Submit a batch run and evaluate a flow

Note

Azure AI Studio is currently in public preview. This preview is provided without a service-level agreement, and we don't recommend it for production workloads. Certain features might not be supported or might have constrained capabilities. For more information, see Supplemental Terms of Use for Microsoft Azure Previews.

To evaluate how well your flow performs with a large dataset, you can submit batch run and use an evaluation method in prompt flow.

In this article you learn to:

  • Submit a batch run and use an evaluation method
  • View the evaluation result and metrics
  • Start a new round of evaluation
  • Check batch run history and compare metrics
  • Understand the built-in evaluation methods
  • Ways to improve flow performance

Prerequisites

For a batch run and to use an evaluation method, you need to have the following ready:

  • A test dataset for batch run. Your dataset should be in one of these formats: .csv, .tsv, or .jsonl. Your data should also include headers that match the input names of your flow. If your flow inputs include a complex structure like a list or dictionary, use jsonl format to represent your data.
  • An available runtime to run your batch run. A runtime is a cloud-based resource that executes your flow and generates outputs. To learn more about runtime, see Runtime.

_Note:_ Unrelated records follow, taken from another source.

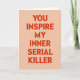 This greeting card features a light peach background with a funny, edgy message in the middle. The text reads “YOU INSPIRE MY INNER SERIAL KILLER,” and it’s written in bright red, all-capital letters. The letters are thick and simple, and the words are stacked in a neat column from top to bottom. There are no characters or extra objects, so your eyes go straight to the message. The soft background color makes the red text stand out, giving it a sweet look even though the line is dark humor. It feels like a cheeky card you’d give to someone who gets your kind of joke and can laugh with you
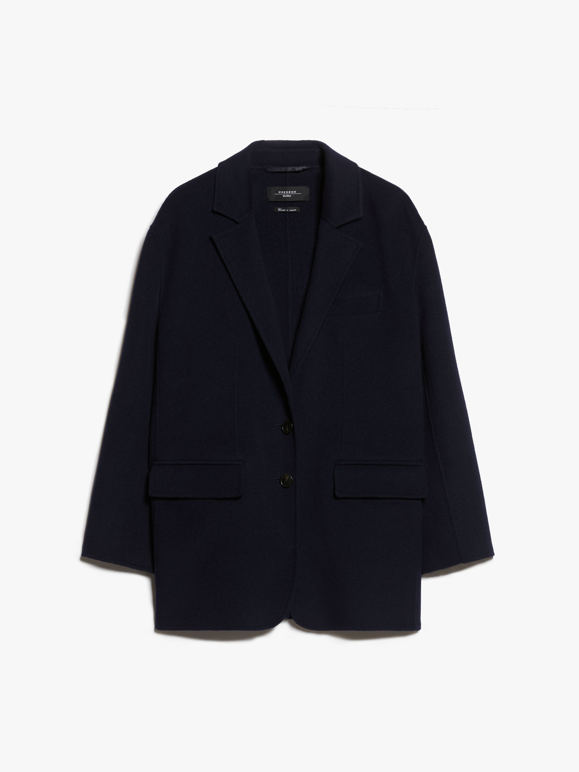 DETAILS Single-breasted tailored jacket in fine double-faced pure wool fabric featuring a lapel collar, drop-shoulder set-in sleeves and flap-adorned front pockets. The unlined model boasts a slightly fitted waist cut, in addition to a breast pocket and central rear vent. Button fastening. COMPOSITION AND CARE Fabric 100% virgin wool; - except joining thread; lining 50% polyester, 50% viscose. Do not wash; do not bleach; do not tumble dry; cool iron; professionally dry clean perchloroethylene - mild process; do not wet clean. Distributed by Max Mara S.r.l., registered office in Reggio Emilia (Italy), Via Giulia Maramotti 4, 42124 (IT)
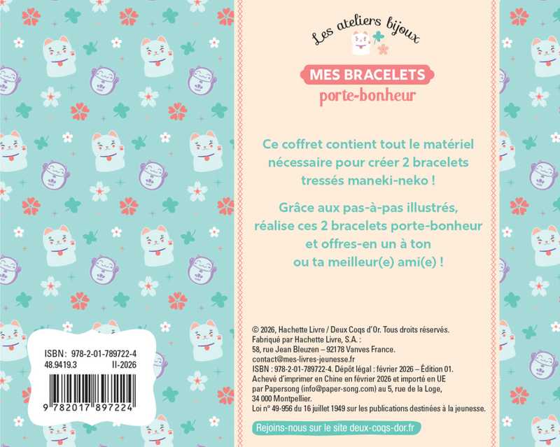 Ce coffret contient tout le matériel nécessaire pour créer 2 bracelets tressés maneki-neko !
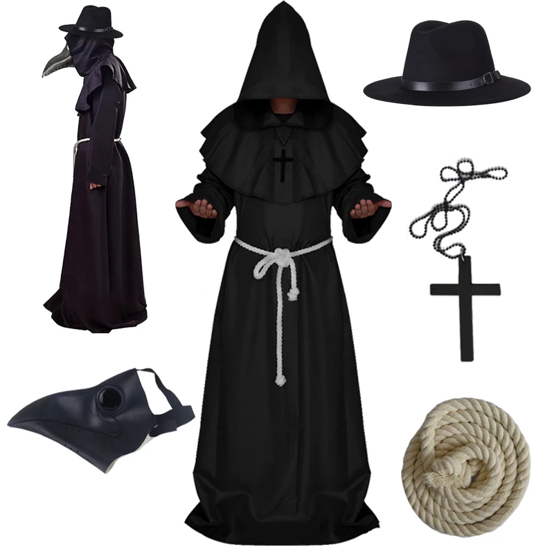 Костюм Чумного доктора для косплея, средневековый Халат с капюшоном, ужасная маска в стиле стимпанк, шляпа, Хэллоуин, ролевая игра, волшебник, священник, христианский костюм
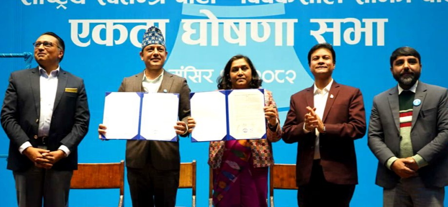 रास्वपाका तर्फबाट कार्यबाहक सभापति डोलप्रसाद अर्याल र डा. स्वर्णिम वाग्लेले हस्ताक्षर गर्नु भएको हो । विवेकशील साझाकी अध्यक्ष समीक्षा बाँस्कोटा र उपाध्यक्ष प्रकाशचन्द्र परियारबीच हस्ताक्षर भएको हो।
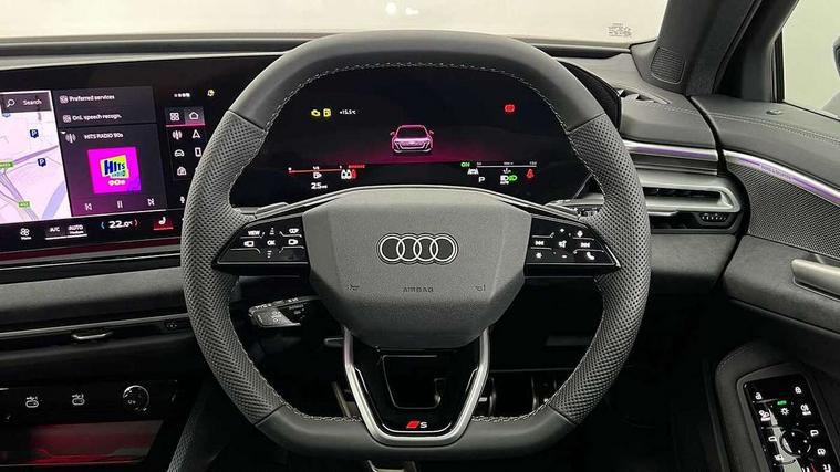 Adaptive cruise control, Advanced driver attention and fatigue montior, Audi application store, Audi assistant, Audi connect emergency call and service, Audi drive select, Audi smartphone interface, Audi virtual cockpit plus with 11.9" OLED colour display, Automatic start/stop system with coasting functionality, Camera based traffic sign recognition, Intersection assist, Lane change assistant with exit warning system, rear cross traffic alert and rear turn assist, Lane departure warning with emergency assist, MMI 10.9" front passenger touch display, MMI navigation plus with high resolution 14.5" OLED touchscreen colour display, Park assist plus, Parking system plus with 360 display, Progressive steering with servotronic, Swerve assist and turn assist, Top view camera, Traffic sign based speed limiter, Sports suspension lowered by 20mm, 2 USB-C ports in both the front and rear, Audi sound system impressive sound with 10 loudspeakers including centre speaker and subwoofer, 6-channel amplifier with a total output of 180 watts, DAB digital radio reception, Smartphone compartment with wireless charging, Aluminium window trims, Auto dimming rear view mirror, Black door handles, Dark chrome-plated tailpipe trims, Door mirrors - electrically adjustable, heated, folding and auto dimming on both sides, Front and rear electric windows, Front door sill trims with aluminium inlays, illuminated with 'S' logo, Headlight cleaning system, High beam assist, LED daytime running lights, LED rear lights pro incl. dynamic rear indicators and illuminated light strip with animated coming and leaving home function, LED third brake light, Matrix LED headlights with eight light signatures selectable via the MMI or the myAudi app, Privacy glass, Rear and side windows with heat insulating glass, Rear boot, Rear side wing doors, S Line badges on the front wings, S line bumpers, radiator grille and diffuser in phantom black and diffuser insert in matt anthracite, White rhombus logo projection light in exterior mirrors, Windscreen with acoustic glazing, 3 rear headrests, 3 seat rear bench, 3 spoke leather steering wheel with multi-function buttons with touch control, flattened on top and bottom, with S badging and contrast stitching, 3-zone automatic climate control, 40:20:40 split folding rear seat bench with centre armrest and cup holders, Comfort front centre armrest, Electrically adjustable front seats, Front and rear floor mats, Front sport seats with integrated headrest and S embossed logo, Headlining in black cloth, Heated front seats, i-Size child seat mounting on the front passenger side and outer rear seats, i-Size and top tether on the outer rear seats, Luggage compartment lid, electrically opening and closing, Manual steering column height and depth adjustment, Memory function for driver seat, Single front passenger seat, Stainless steel pedals and footrest, Steering wheel grips in perforated leather and shift paddles, Ambient lighting package plus - A5, Black styling package plus - A5, 3x3 point rear seat belts, Acoustic vehicle alerting system, Convenience key with safelock, Driver airbag, Electric child safety locks, First aid kit with warning triangle and vests, Front emergency brake assist, Front passenger airbag, Front passenger airbag deactivation, Hill hold assist, Occupant detection in rear seat area, Proactive passenger protection system for front, sides and rear, Red brake calipers, Seat belt monitoring with rear seat occupant reminder, Side airbags in front and rear with head airbag system and front interaction airbag, Tyre pressure loss indicator, Anti theft alarm, Anti-theft wheel bolts, Keyless Go, Accent surfaces and control buttons in gloss black, Black dashboard with contrast stitching, Softwrap in Dinamica with contrast stitching, Upper and lower interior elements in dinamica microfiber, 20" 5 arm fold design Audi sport alloy wheels in silk matt grey and gloss turned finish, Tyre repair kit,
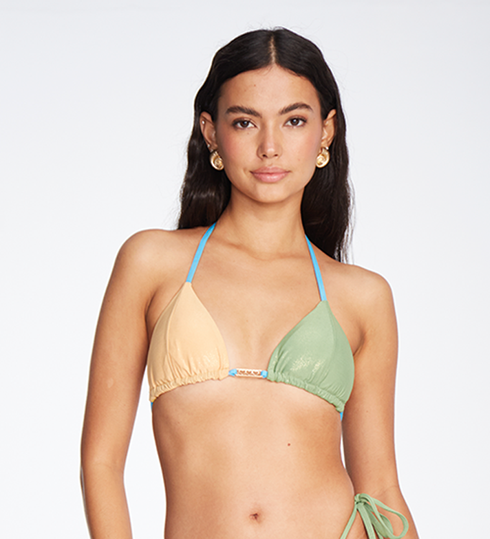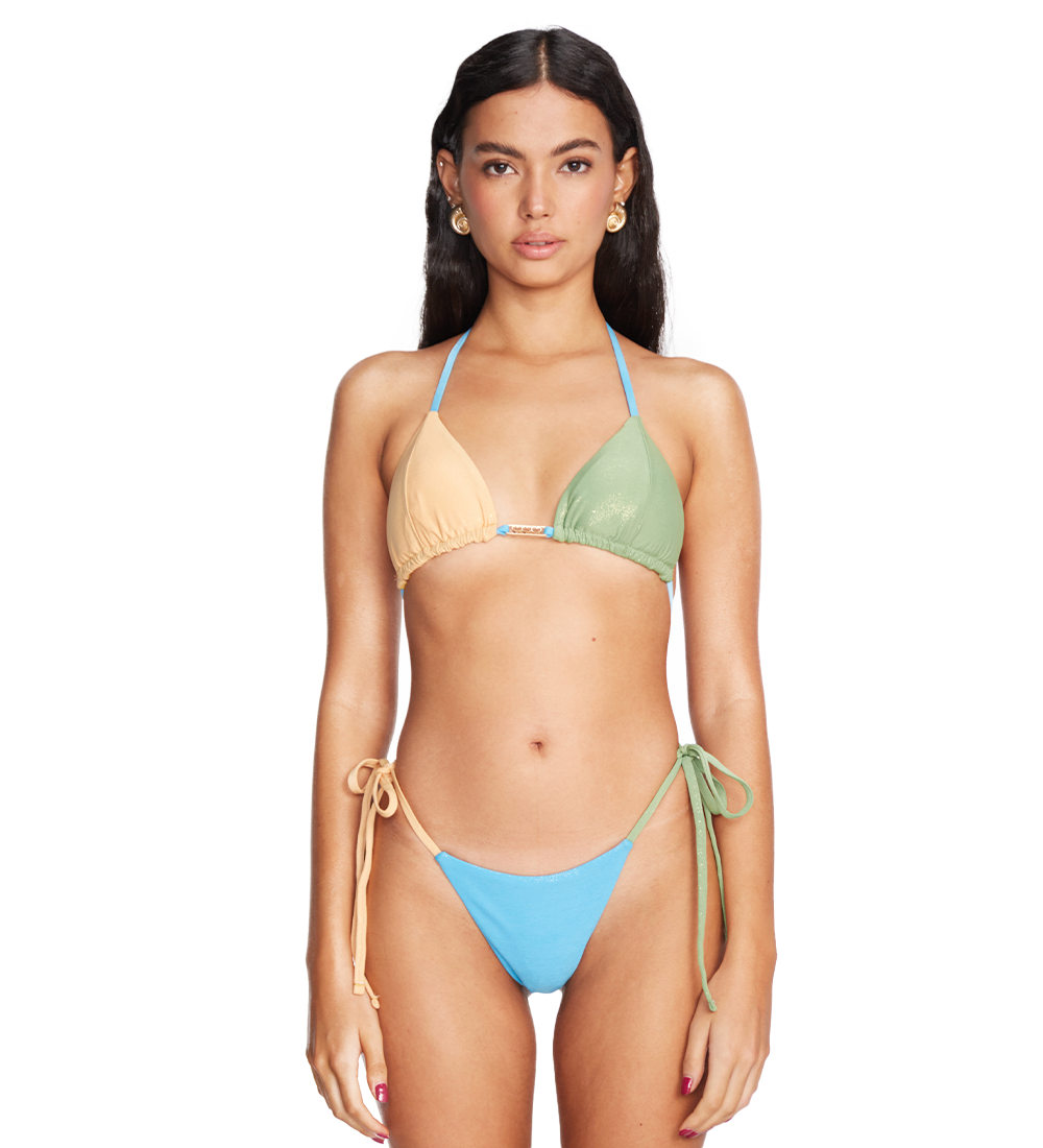 Shine in the sun with our Color Block Bikini. Shiny details in shades of blue, green and yellow catch the light, while the contrasting straps add a modern and comfortable touch. A must-have for those looking for style and versatility on the beach, produced in a sustainable factory and handmade by Peruvian artisans.
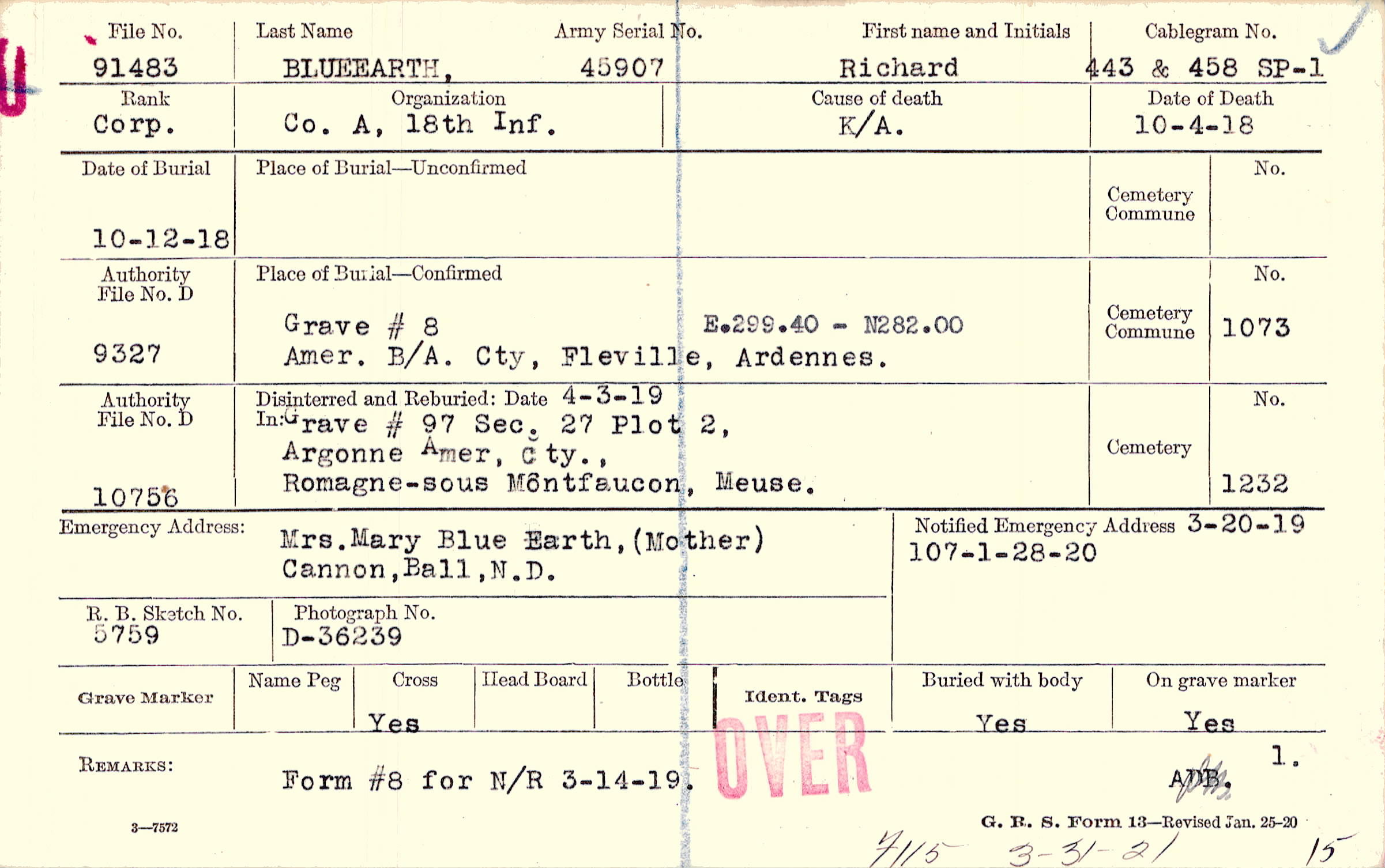 Grave # 8, Amer. B/A. Cty, Fleville, Ardennes.
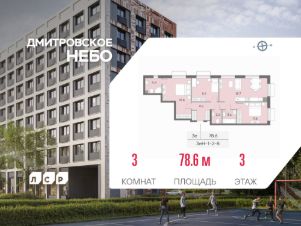 Продается 3-комн. кв-ра площадью 78.60 кв.м на 3 этаже 8 этажного монолитного дома в ЖК "ДМИТРОВСКОЕ НЕБО" от Группа ЛСР. "Дмитровское небо" —жилой квартал бизнес-класса в Северном административном округе в районе Западное Дегунино. Находится среди парков и водоемов, вблизи всей необходимой для современной жизни инфраструктуры. Особенностью проекта является благоустроенный сквер площадью 1.5 га.
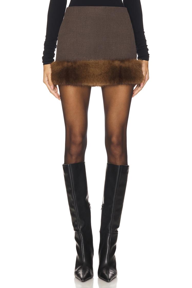 Luxe winter glamour meets street-smart chic in this Lovers and Friends x Emma Rose Kiely mini skirt. Crafted in a warm brown wool-polyester blend with a touch of viscose and a touch of elastane for a flattering, flexible fit, it’s finished with a plush faux fur trim at the hem for tactile drama. A hidden side zipper keeps the silhouette streamlined while the fully lined interior ensures comfort. At about 34 cm in length, this mini pairs beautifully with sleek knits and knee-high boots for date nights, parties, or refined city evenings.
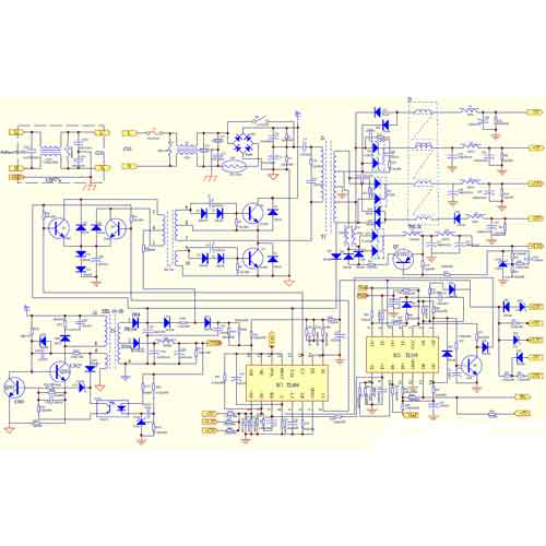 Схема типового ATX блока питания Microlab M-180 400W, такая схемотехника присутствует в большинстве БП до 400-450 Вт, 2004 год.
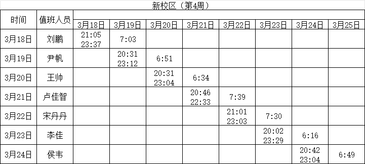 2023-2024学年第二学期第4-6周学工人员寝室值班通报
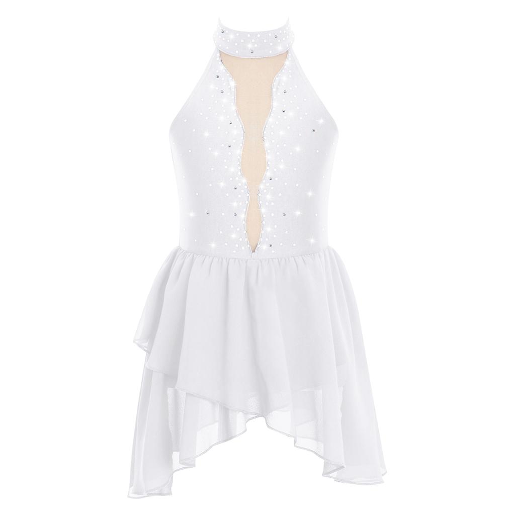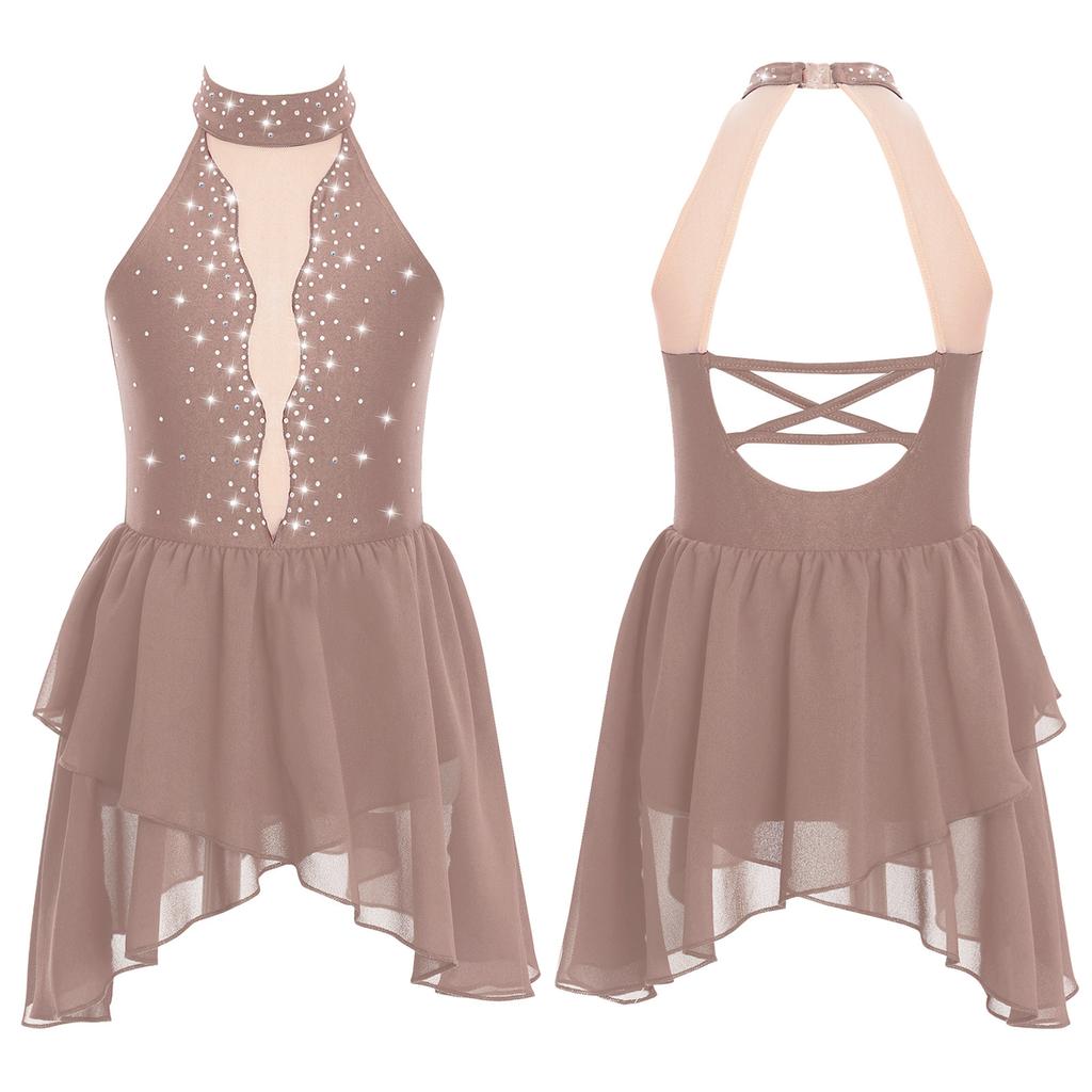 Детский балетный костюм для фигурного катания со стразами для девочек, лирический танцевальный костюм, прозрачное сетчатое платье с воротником-стойкой и открытой спиной, платье с неровным подолом, танцевальная одежда

Submit a batch run and use an evaluation method

A batch run allows you to run your flow with a large dataset and generate outputs for each data row. You can also choose an evaluation method to compare the output of your flow with certain criteria and goals. An evaluation method is a special type of flow that calculates metrics for your flow output based on different aspects. An evaluation run is executed to calculate the metrics when submitted with the batch run.

To start a batch run with evaluation, you can select on the Evaluate button - Custom evaluation. By selecting Custom evaluation, you can submit either a batch run with evaluation methods or submit a batch run without evaluation for your flow.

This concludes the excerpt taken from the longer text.